Wednesday, December 21, 2022

Mastering Diabetes: What I have learned - Part 1

As I read Mastering Diabetes (MD) by Cyrus Khambatta and Robby Barbaro and watching their Mastering Diabetes channel on YouTube I've been learning more and more about diabetes. I think the first thing I learned is that there isn't just type 1 or type 2. There is Pre-Diabetes, Type 1, Type 1.5, Type 2 and Gestational diabetes. Each of these require different approaches to the treatment plan.

Let's understand what they are first because that will provide insight as to suggested treatments. Although in the end the recommendation for all of them is eat more plants and fiber in a low fat diet. Before jumping into what the types are we should probably define diabetes more generally.

Diabetes is "a disease in which the body’s ability to produce or respond to the hormone insulin is impaired, resulting in abnormal metabolism of carbohydrates and elevated levels of glucose in the blood and urine."

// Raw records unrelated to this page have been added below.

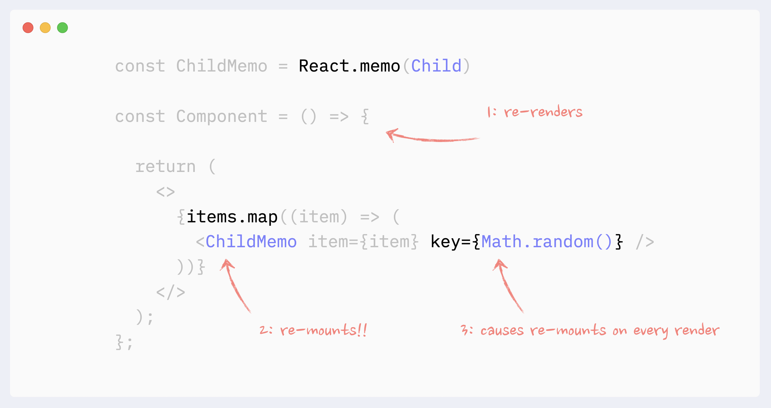 In addition to the regular re-renders rules and patterns, the key attribute can affect the performance of lists in React.
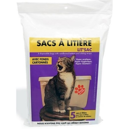 Pochette de 5 sacs petit format pour bac de litière avec fond cartonné et lien coulissant Les sacs LIT’SAC PETIT MODÈLE sont parmi les produits les plus résistants du marché. En plastique blanc d’une bonne épaisseur, ils sont munis d’un fond cartonné résistant aux griffes et d’un lien coulissant pour une fermeture rapide du sac. Vendus par pochette de 5, ces sacs sont hygiéniques et vous permettent de conserver la propreté de votre litière ou maison de toilette.Facile à mettre en place et à retirer, les sacs LIT’SAC PETIT MODÈLE rendent le nettoyage du bac inutile et le changement de litière rapide. Avec ce produit de très bonne qualité les contraintes liées à la litière ont disparu. Vous pourrez donc profiter pleinement de votre chat !Fermeture rapideLiens coulissantsFond carré adapté aux bacs de litière pour chat 39 cm X 23 cmRésistant au griffuresÉpaisseur du plastique 40 µm (résistant)Poids d’une pochette 0,25 kgAchat minimum de 5 pochettes de 5 sacs chacune
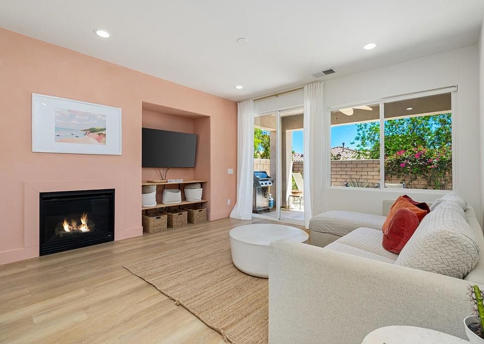 Welcome to effortless desert luxury in this impeccably appointed, SHORT-TERM rental-friendly residence located within the prestigious Indian Palms Country Club.Set on a generous corner lot just moments from the world-renowned Empire Polo Grounds, this turnkey 3-bedroom, 3-bathroom home offers 1,796 sq ft of refined living space that seamlessly blends style, comfort, and functionality.The thoughtfully designed open-concept layout is complemented by newly installed luxury vinyl plank flooring, smooth skim-coated walls, limewash accents, and upgraded LED recessed lighting throughout. The living room is both inviting and stylish, enhanced by custom floating shelves and a cozy fireplace, while large windows invite an abundance of natural light to flow through the home.The gourmet kitchen is a culinary dream, featuring sleek cabinetry, double ovens, a new dishwasher, and a bar-height counter--perfect for entertaining. The spacious primary suite is a peaceful retreat with a spa-like en-suite bath, dual vanities, and a walk-in closet. A private guest casita with its own entrance, full bath, and new AC offers ideal accommodations for visitors or lucrative rental opportunities.Step outside to your private patio, perfect for alfresco dining and relaxing under the desert stars. The home also includes a new washer and dryer and has been beautifully furnished to offer a true turnkey experience.Residents enjoy access to a wealth of amenities, including 27 holes of championship golf, a fitness center, resort-style pools and spas, tennis and pickleball courts, and a full-service clubhouse--all within a guard-gated community.Whether you're seeking a primary residence, seasonal retreat, or an income-producing investment, this home delivers on every level. Live where others vacation--luxury, location, and lifestyle await.***This property is currently a successful vacation rental with 116 Reviews and 4.86 Stars.
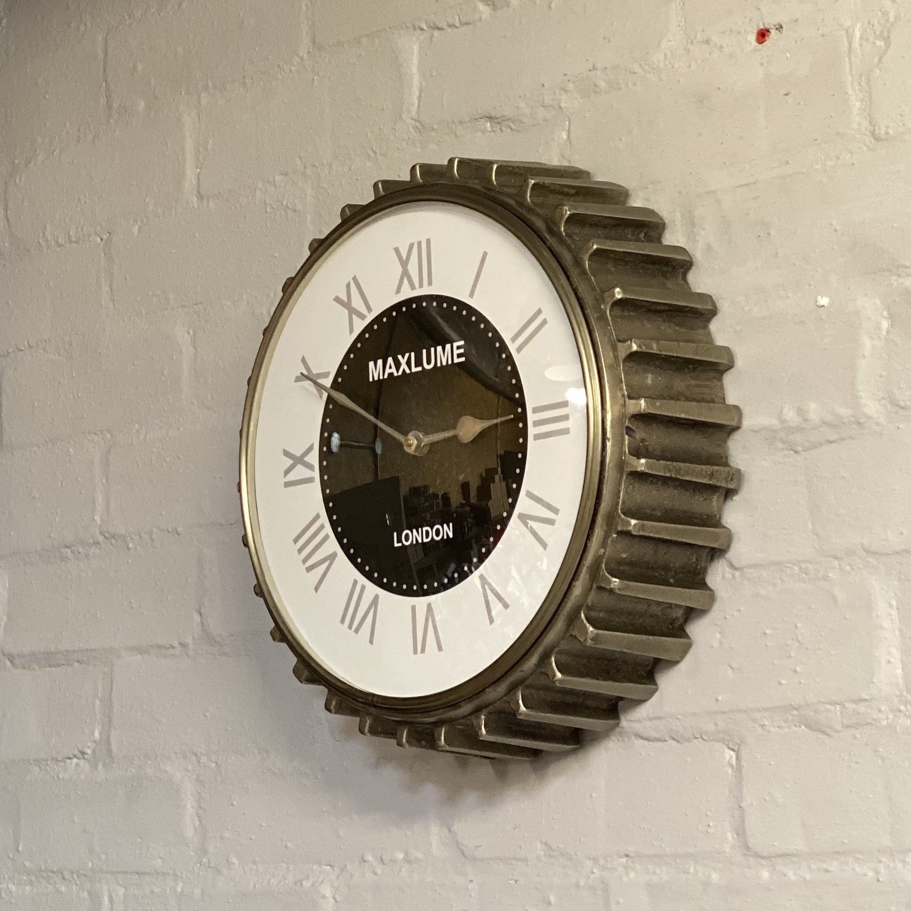 Solid cast aluminum, the asymmetrical design of the crank wall clock reveals the functionality.

According to Google and the Oxford Language Dictionary. In MD they attribute to disease to insulin resistance. Insulin is a hormaone created by beta cells in the pancreas whose job is to escort glucose that has been released by the kidney to the cells in your body that use the glucose for energy. I like to think of it like this: The insulin is like the key that opens the door to the mailbox and in normal circumstances the insulin places the mail in the mailbox as it were. When the body is insulin resistant the keys to the door no longer work so the mailman's bag (the bloodstream?) gets filled with more and more mail that can't be delivered. That back up of mail begins to cause problems for the whole postal system. We saw what happened to deliveries and store shelves when the system backed up somewhere during the COVID-19 Pandemic. Same thing with the human body and insulin resistance. The build up of glucose in the blood system creates problems for the body including brain fog, joint issues, circulation issues, and damage to the eyes. Untreated it can cause fainting, dizziness, hallucinations, heart attacks and strokes.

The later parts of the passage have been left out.